Manganese (II) chloride has a solubility of 5.75 M at 0 degrees C. If 125 mL of saturated MnCl2 is evaporated to dryness, what mass of MnCl2 will be left?

Question

Luna Chen · Accepted Answer

And so the solubility of #MnCl_2# is #5.75*mol*L^-1#..I am not sure if I believe that....I get a mass of approx. #90*g#...

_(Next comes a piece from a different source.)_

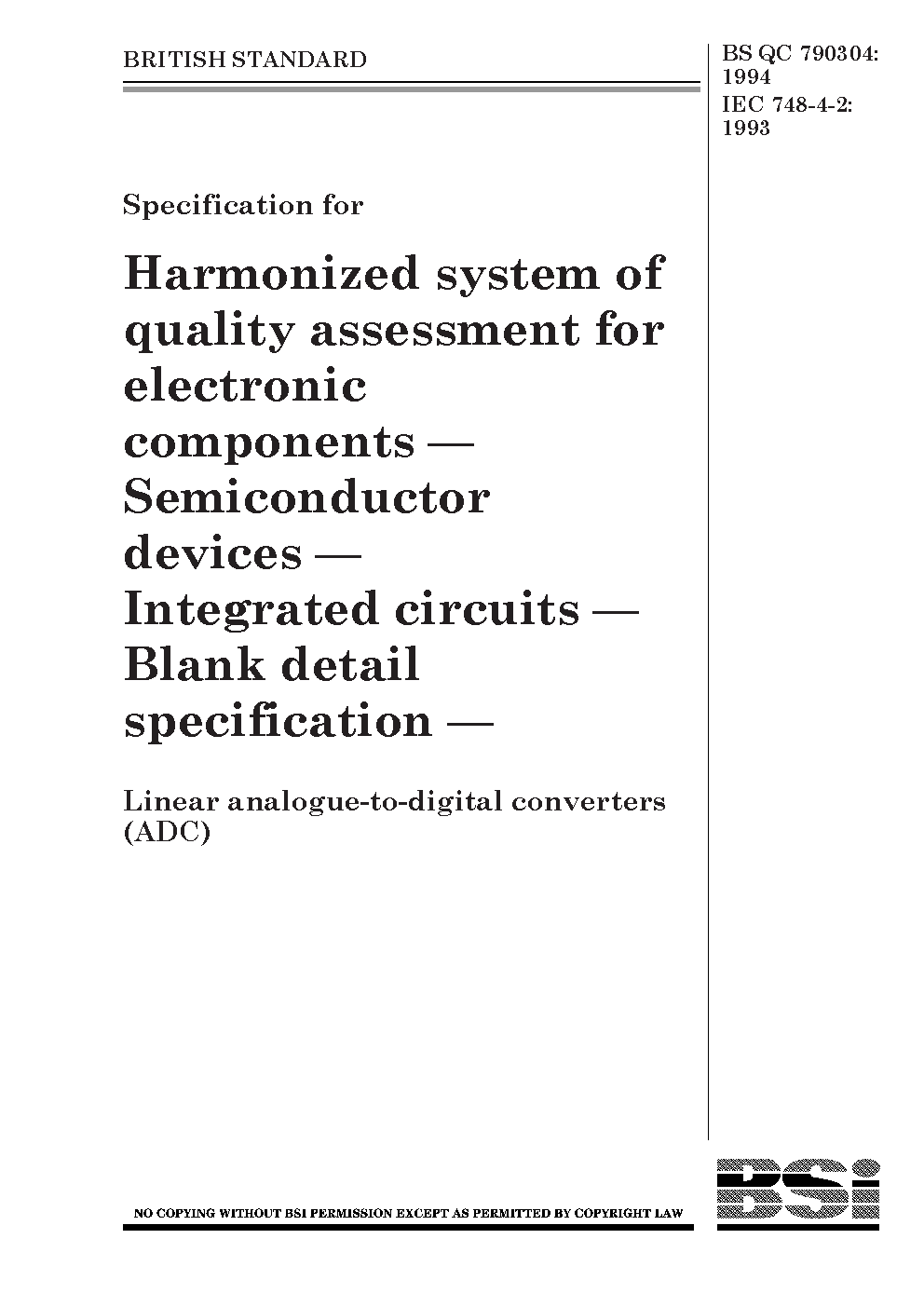 Specification for harmonized system of quality assessment for electronic components. Semiconductor devices. Integrated circuits. Blank detail specification. Linear analogue-to-digital converters (ADC)

We gots ................. #125*mLxx10^-3*L*mL^-1xx5.75*mol*L^-1=0.719*mol# ...the which represents a mass of .......#125.84*g*mol^-1xx0.719*mol=??*g# The question proposes quite an unrealistic scenario...

Noah Aldrich · Answer

undefined To find the mass of MnCl2 left when 125 mL of saturated MnCl2 is evaporated to dryness, first, calculate the number of moles of MnCl2 initially present using the given solubility.

Given:
Solubility of MnCl2 = 5.75 M
Volume of saturated solution = 125 mL = 0.125 L

Using the formula:
$ \text{Molarity} = \frac{\text{moles of solute}}{\text{volume of solution (in liters)}} $

Rearranging to solve for moles of solute:
$ \text{moles of solute} = \text{Molarity} \times \text{volume of solution (in liters)} $

Now, substitute the given values:
$ \text{moles of solute} = 5.75 \, \text{M} \times 0.125 \, \text{L} $

Calculate:
$ \text{moles of solute} = 0.71875 \, \text{moles} $

Since the compound is evaporated to dryness, the mass of MnCl2 left will be the mass of MnCl2 initially present. To find this mass, multiply the number of moles of MnCl2 by its molar mass.

The molar mass of MnCl2:
Molar mass of Mn = 54.938 g/mol
Molar mass of Cl = 35.453 g/mol (there are two Cl atoms in MnCl2)

Molar mass of MnCl2:
$ 54.938 \, \text{g/mol} + (2 \times 35.453 \, \text{g/mol}) = 125.844 \, \text{g/mol} $

Now, multiply the number of moles by the molar mass to find the mass of MnCl2 left:
$ \text{mass} = 0.71875 \, \text{moles} \times 125.844 \, \text{g/mol} $

Calculate:
$ \text{mass} = 90.38 \, \text{grams} $

So, when 125 mL of saturated MnCl2 is evaporated to dryness, 90.38 grams of MnCl2 will be left.